== TASK OBJECTIVE ==
Leaving out the images, repeat all the lines below exactly.

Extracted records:
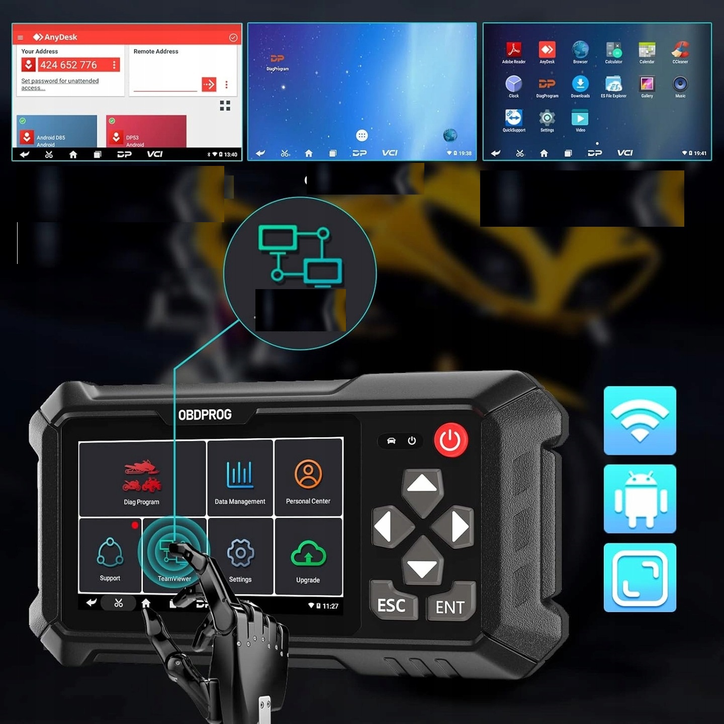 ➤ Конфігурація продукту】 ➤ Ви можете отримати всі діагностичні кабелі для мотоциклів, і вам не потрібно купувати додатково. ➤ Вбудована бібліотека коду DTC дозволяє швидше знайти причину різних кодів несправностей. Wi -Fi з одним дотиком, скріншот з одним дотиком, функцією віддаленого обслуговування з одним дотиком, щоб швидко оновити пристрій. ➤ 5.0 дотики
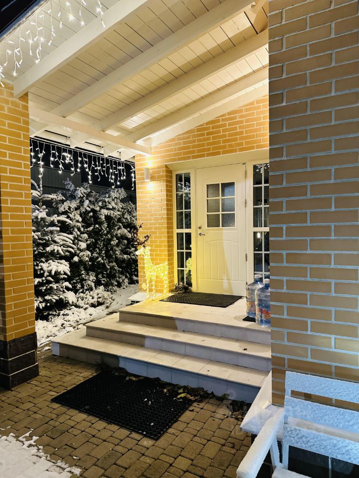 Материал стен: газобетон, утеплитель, облицовка кирпич, фундамент ушп. Стены толщиной 550 мм. Перекрытия монолитные. Кровля: утеплитель 200 мм и керамическая черепица. Энергосберегающие двухкамерные окна. Финские входные двери, замки Abloy. Принудительная вентиляция (рекуператор). На первом этаже конвекционный камин с духовкой из талькохлорита. Первый этаж и санузел второго - теплые полы.
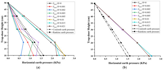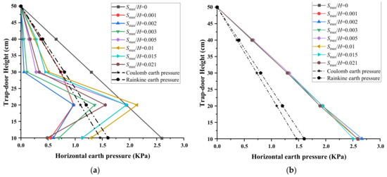 As shown in Figure 7, the coordinate of schematic diagrams of the trap-door test was determined and is discussed in the following. The center of the movable plates for each trap-door test was selected as the zero point of the abscissa. The earth pressure at the height of 30 cm was selected for analysis while the data at other heights were similar. The maximum distance of the trap-door was marked as Smax, the height of the trap-door was noted as H, and the width of trap-door was w, as shown in Figure 3. The coordinate diagrams in other displacement modes were the same. Because the load cells were only arranged on the semi-length wall, the earth pressure data on the other half length could be recorded symmetrically.
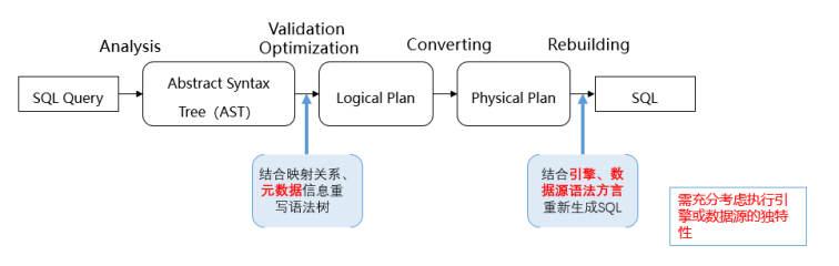 2.SQL 转换:SQL 转换发生在两个阶段,一阶段是通过解析器得到抽象语法树后,进行语法树重写以确保该语法树能转换为 SuperSQL 统一逻辑计划;另一阶段是基于 SuperSQL 统一逻辑计划与不同引擎或者数据源语法之间的等价映射关系,能够将 SuperSQL 逻辑计划转换为不同的引擎或数据源语法,做到执行引擎的无感切换,也为下文的智能引擎选择功能奠定基石。
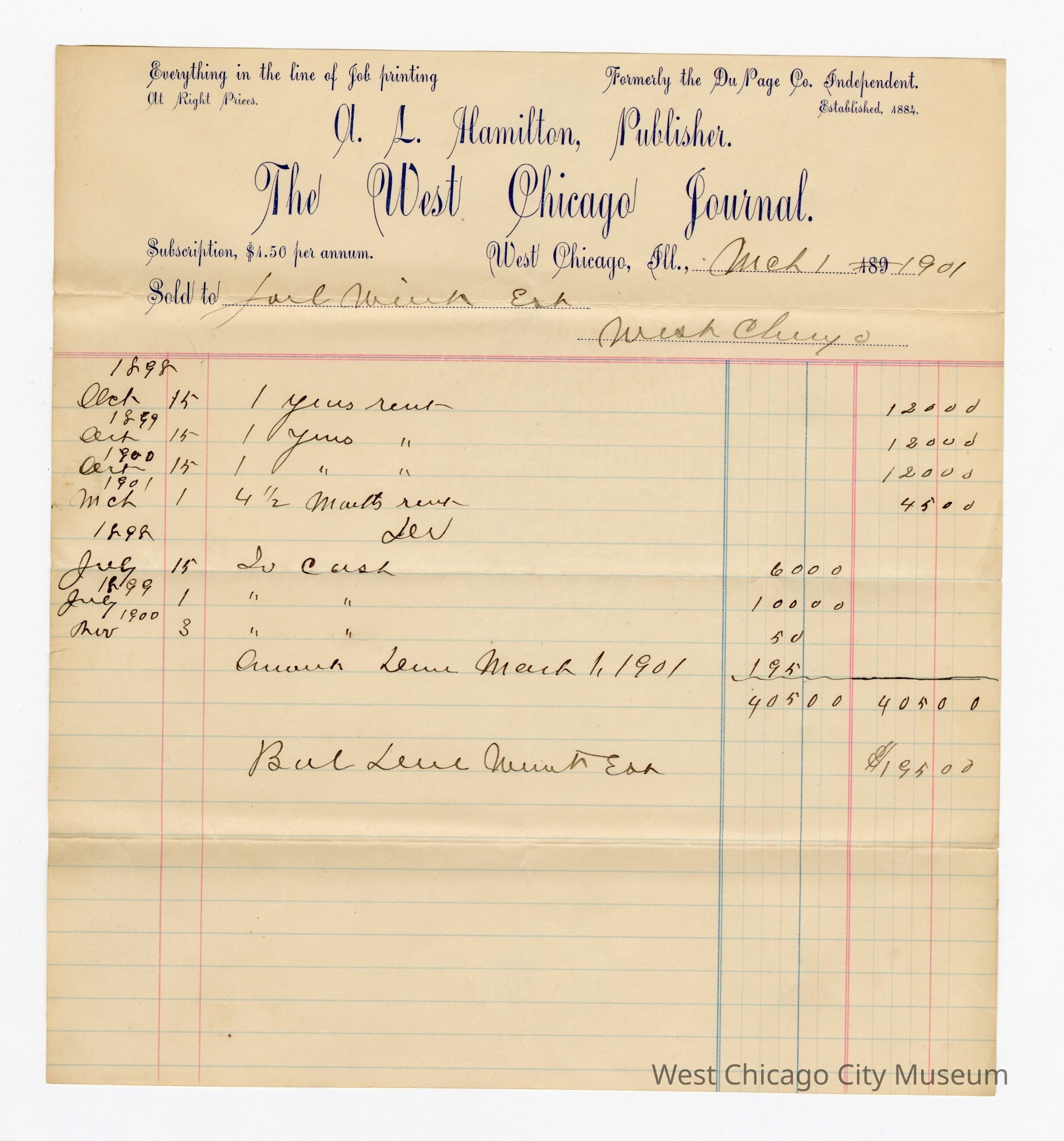 Receipt, The West Chicago Journal, Joel Wiant, Est. 1901Collection
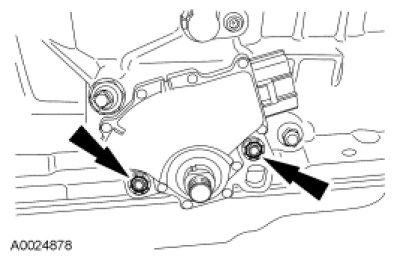2. NOTICE: Tightening one screw before tightening the other may cause the Transmission Range (TR) sensor to bind or become damaged.
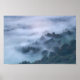 Mysterious early morning fog rolling through the valley and trees on a cold autumn day.
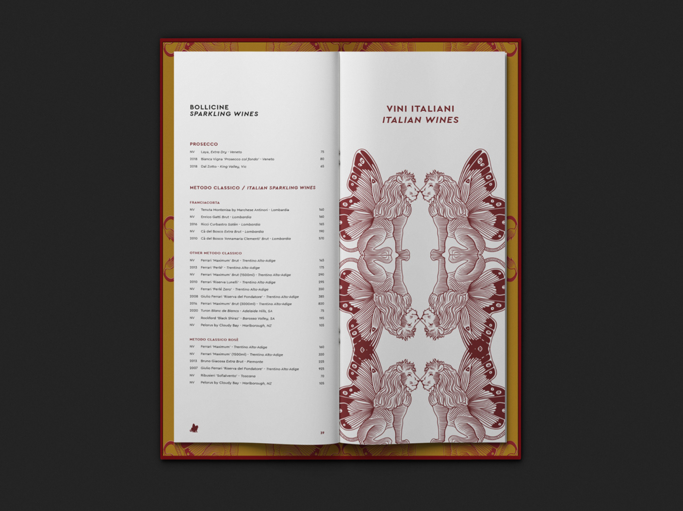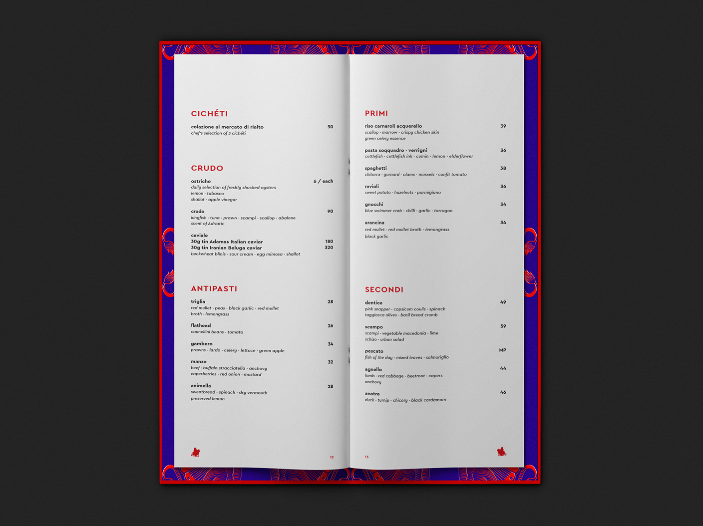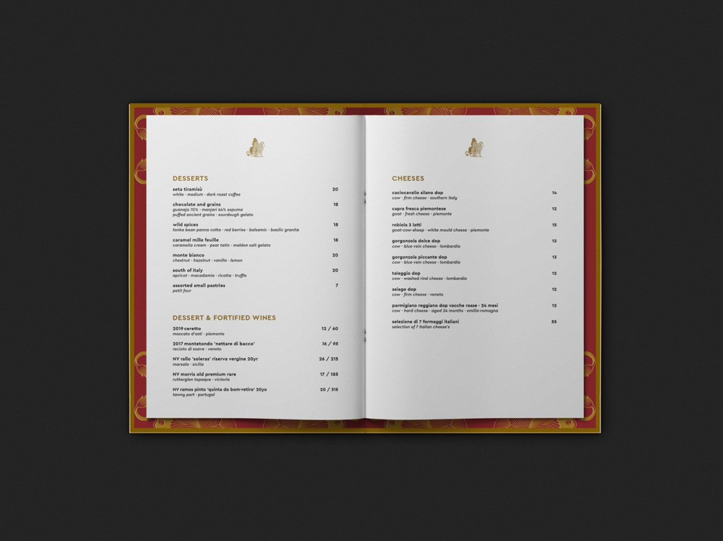 A bold colour palette dominated by red was developed and used to create the different restaurant menus, combined with a refined texture to enhance the brand’s elegant and decorative character.
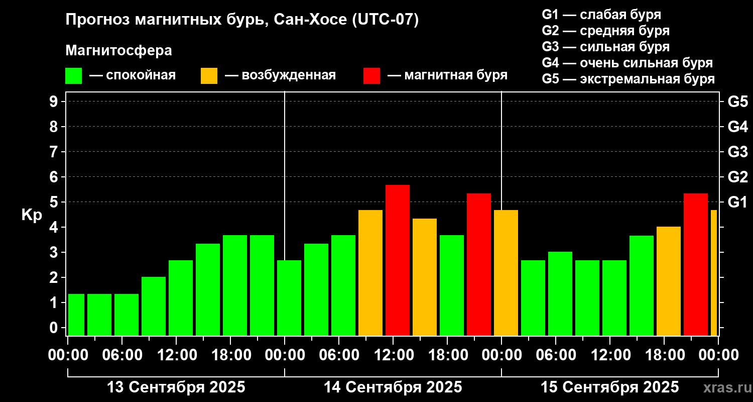 Прогноз магнитных бурь в Сан-Хосе на 13 сентября 2025 года
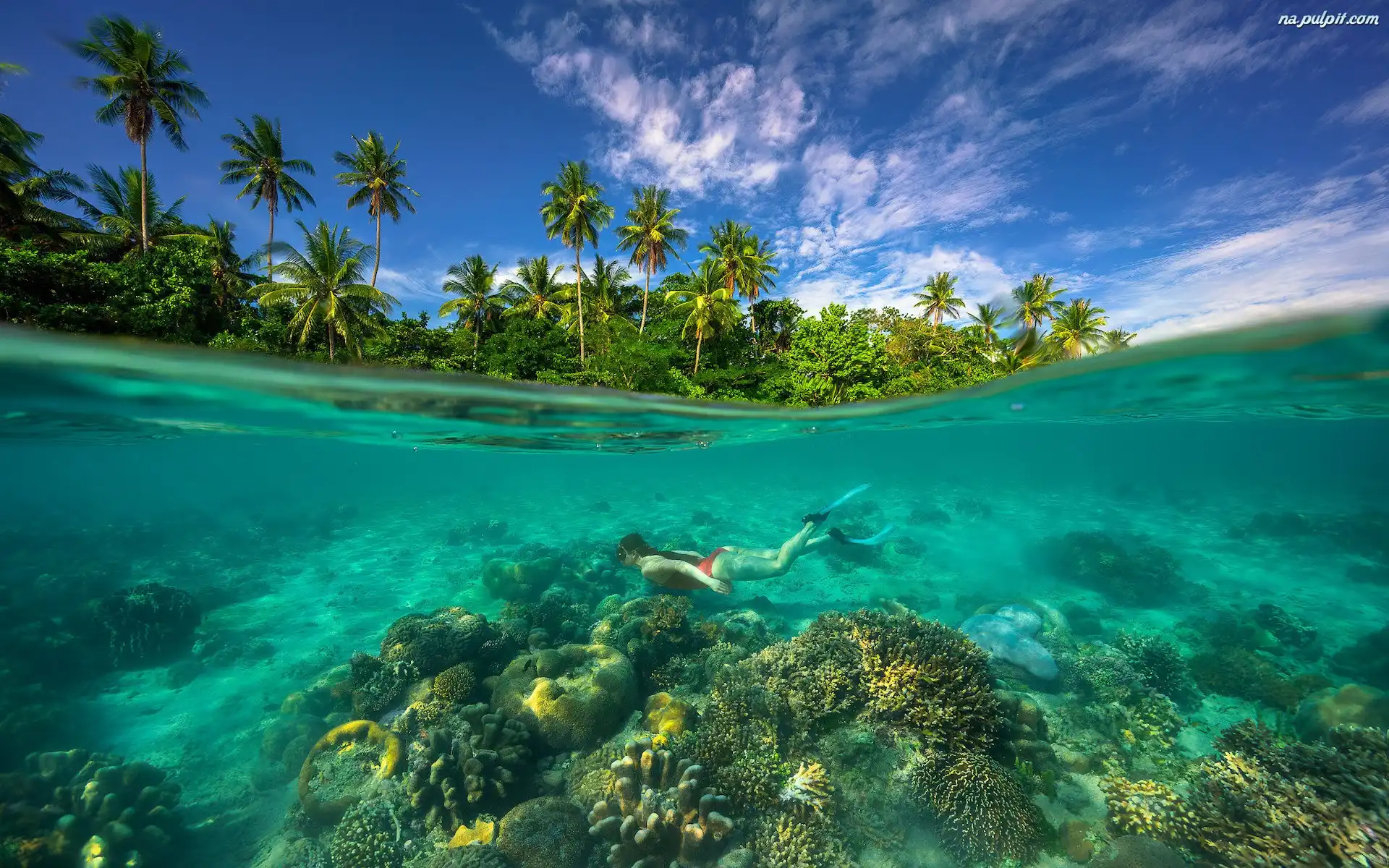 Nurek, Morze, Palmy, Rafa koralowa, Wyspa, Koralowce Na Pulpit
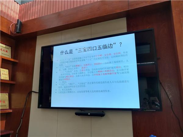 8月18日下午,公司对全体员工进行了安全生产知识培训,大力宣扬“安全第一,预防为主,综合治理”的安全方针。公司领导对培训工作非常重视,安全生产知识也纳入公司对员工考核的一部分。授课人认真编写了相关培训知识,主要讲解了“三宝”、“四口”、“五临边”的安全防护技术,作用是将作业人员与危险源进行隔离,起到防护作业人员的作用。
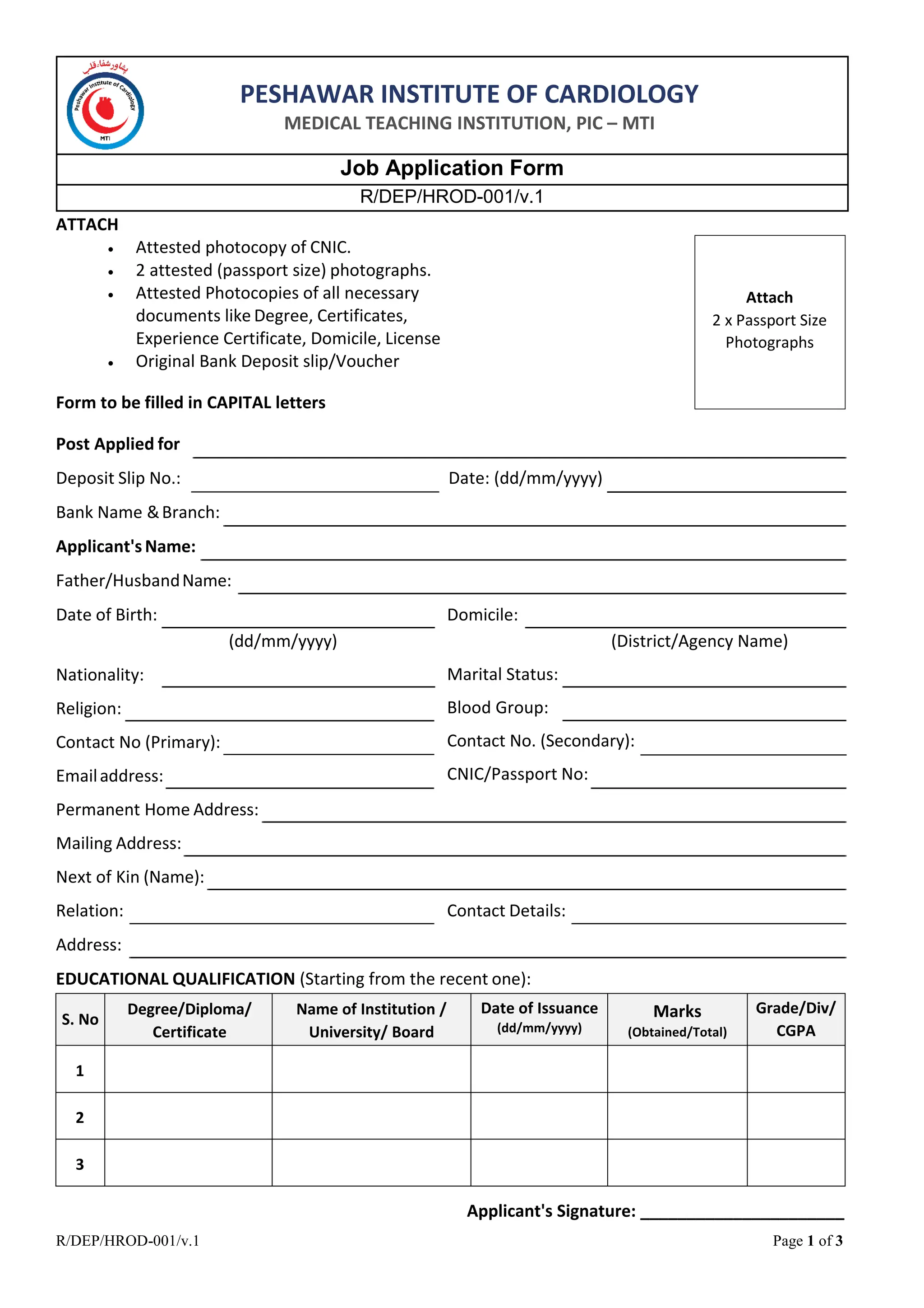 The document is a job application form for the Peshawar Institute of Cardiology Medical Teaching Institution, requiring applicants to provide personal details, documents, and professional experiences. It includes sections for educational qualifications, professional courses, language proficiency, and references, along with declarations regarding disabilities and criminal records. The application emphasizes that incomplete forms or those submitted after the deadline will not be accepted, and only shortlisted candidates will be contacted for further processes.
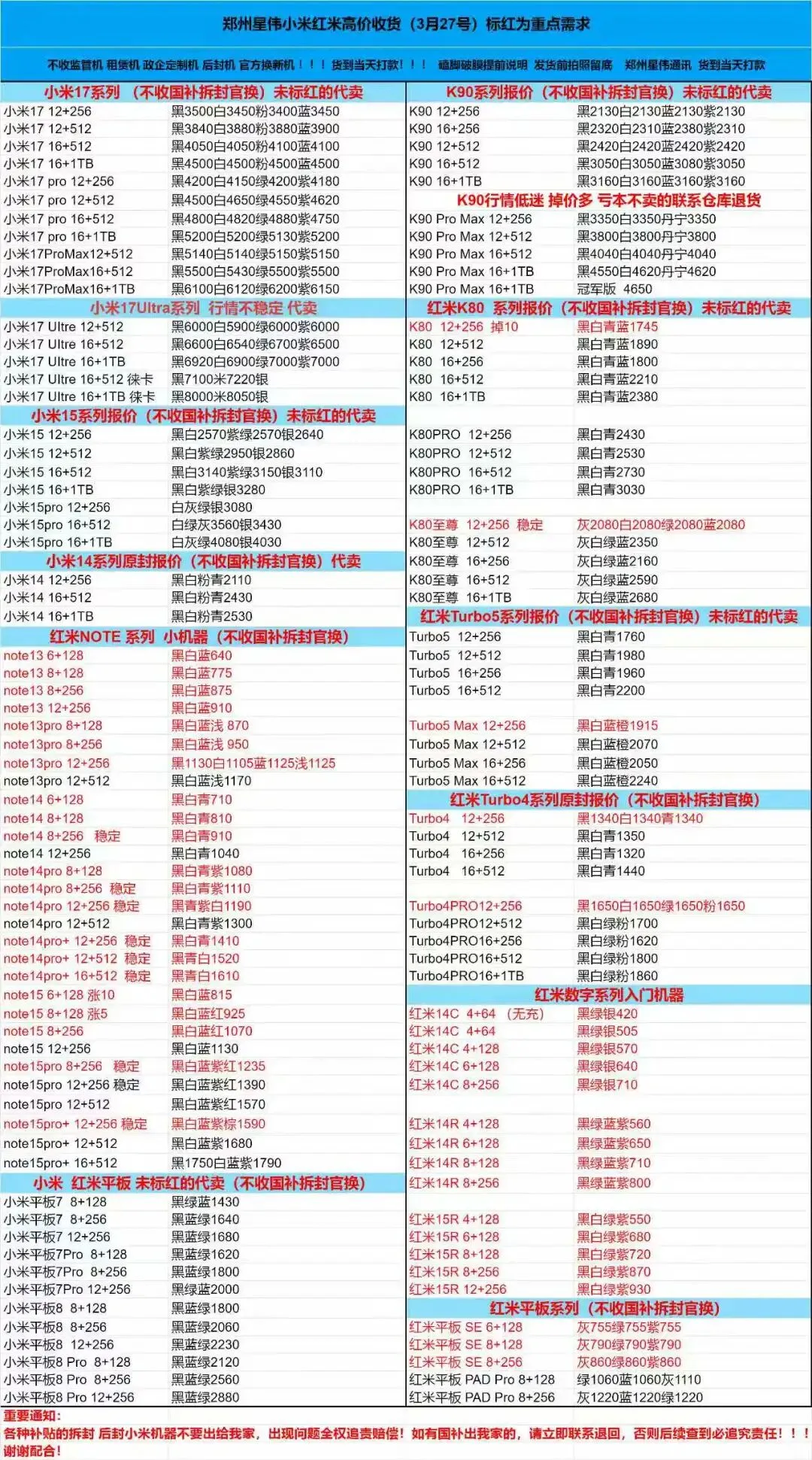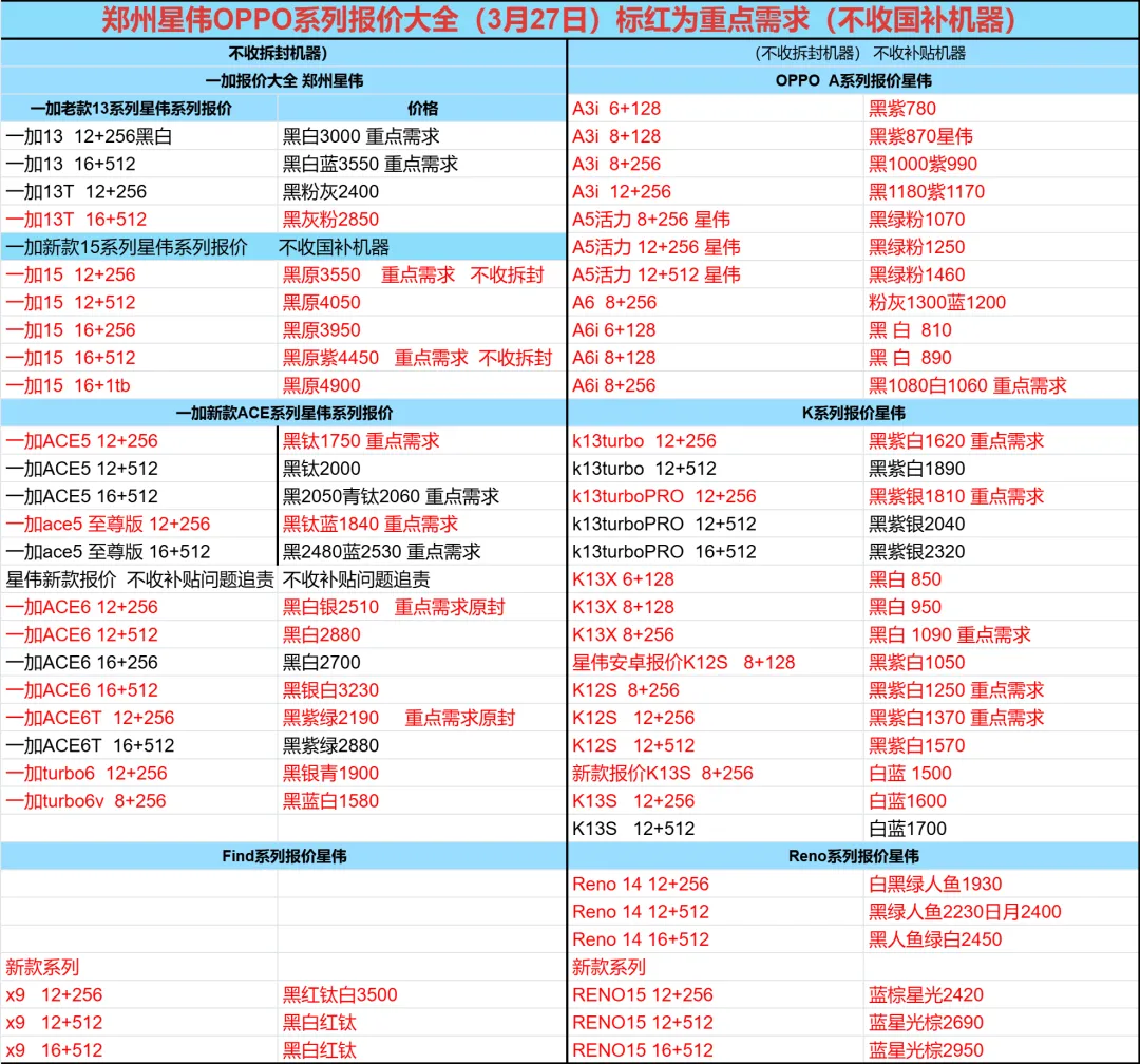 郑州讯翼通讯03月28报价

== OUTPUT FOR THIS TASK ==
 ➤ Конфігурація продукту】 ➤ Ви можете отримати всі діагностичні кабелі для мотоциклів, і вам не потрібно купувати додатково. ➤ Вбудована бібліотека коду DTC дозволяє швидше знайти причину різних кодів несправностей. Wi -Fi з одним дотиком, скріншот з одним дотиком, функцією віддаленого обслуговування з одним дотиком, щоб швидко оновити пристрій. ➤ 5.0 дотики
 Материал стен: газобетон, утеплитель, облицовка кирпич, фундамент ушп. Стены толщиной 550 мм. Перекрытия монолитные. Кровля: утеплитель 200 мм и керамическая черепица. Энергосберегающие двухкамерные окна. Финские входные двери, замки Abloy. Принудительная вентиляция (рекуператор). На первом этаже конвекционный камин с духовкой из талькохлорита. Первый этаж и санузел второго - теплые полы.
 As shown in Figure 7, the coordinate of schematic diagrams of the trap-door test was determined and is discussed in the following. The center of the movable plates for each trap-door test was selected as the zero point of the abscissa. The earth pressure at the height of 30 cm was selected for analysis while the data at other heights were similar. The maximum distance of the trap-door was marked as Smax, the height of the trap-door was noted as H, and the width of trap-door was w, as shown in Figure 3. The coordinate diagrams in other displacement modes were the same. Because the load cells were only arranged on the semi-length wall, the earth pressure data on the other half length could be recorded symmetrically.
 2.SQL 转换:SQL 转换发生在两个阶段,一阶段是通过解析器得到抽象语法树后,进行语法树重写以确保该语法树能转换为 SuperSQL 统一逻辑计划;另一阶段是基于 SuperSQL 统一逻辑计划与不同引擎或者数据源语法之间的等价映射关系,能够将 SuperSQL 逻辑计划转换为不同的引擎或数据源语法,做到执行引擎的无感切换,也为下文的智能引擎选择功能奠定基石。
 Receipt, The West Chicago Journal, Joel Wiant, Est. 1901Collection
2. NOTICE: Tightening one screw before tightening the other may cause the Transmission Range (TR) sensor to bind or become damaged.
 Mysterious early morning fog rolling through the valley and trees on a cold autumn day.
 A bold colour palette dominated by red was developed and used to create the different restaurant menus, combined with a refined texture to enhance the brand’s elegant and decorative character.
 Прогноз магнитных бурь в Сан-Хосе на 13 сентября 2025 года
 Nurek, Morze, Palmy, Rafa koralowa, Wyspa, Koralowce Na Pulpit
 8月18日下午,公司对全体员工进行了安全生产知识培训,大力宣扬“安全第一,预防为主,综合治理”的安全方针。公司领导对培训工作非常重视,安全生产知识也纳入公司对员工考核的一部分。授课人认真编写了相关培训知识,主要讲解了“三宝”、“四口”、“五临边”的安全防护技术,作用是将作业人员与危险源进行隔离,起到防护作业人员的作用。
 The document is a job application form for the Peshawar Institute of Cardiology Medical Teaching Institution, requiring applicants to provide personal details, documents, and professional experiences. It includes sections for educational qualifications, professional courses, language proficiency, and references, along with declarations regarding disabilities and criminal records. The application emphasizes that incomplete forms or those submitted after the deadline will not be accepted, and only shortlisted candidates will be contacted for further processes.
 郑州讯翼通讯03月28报价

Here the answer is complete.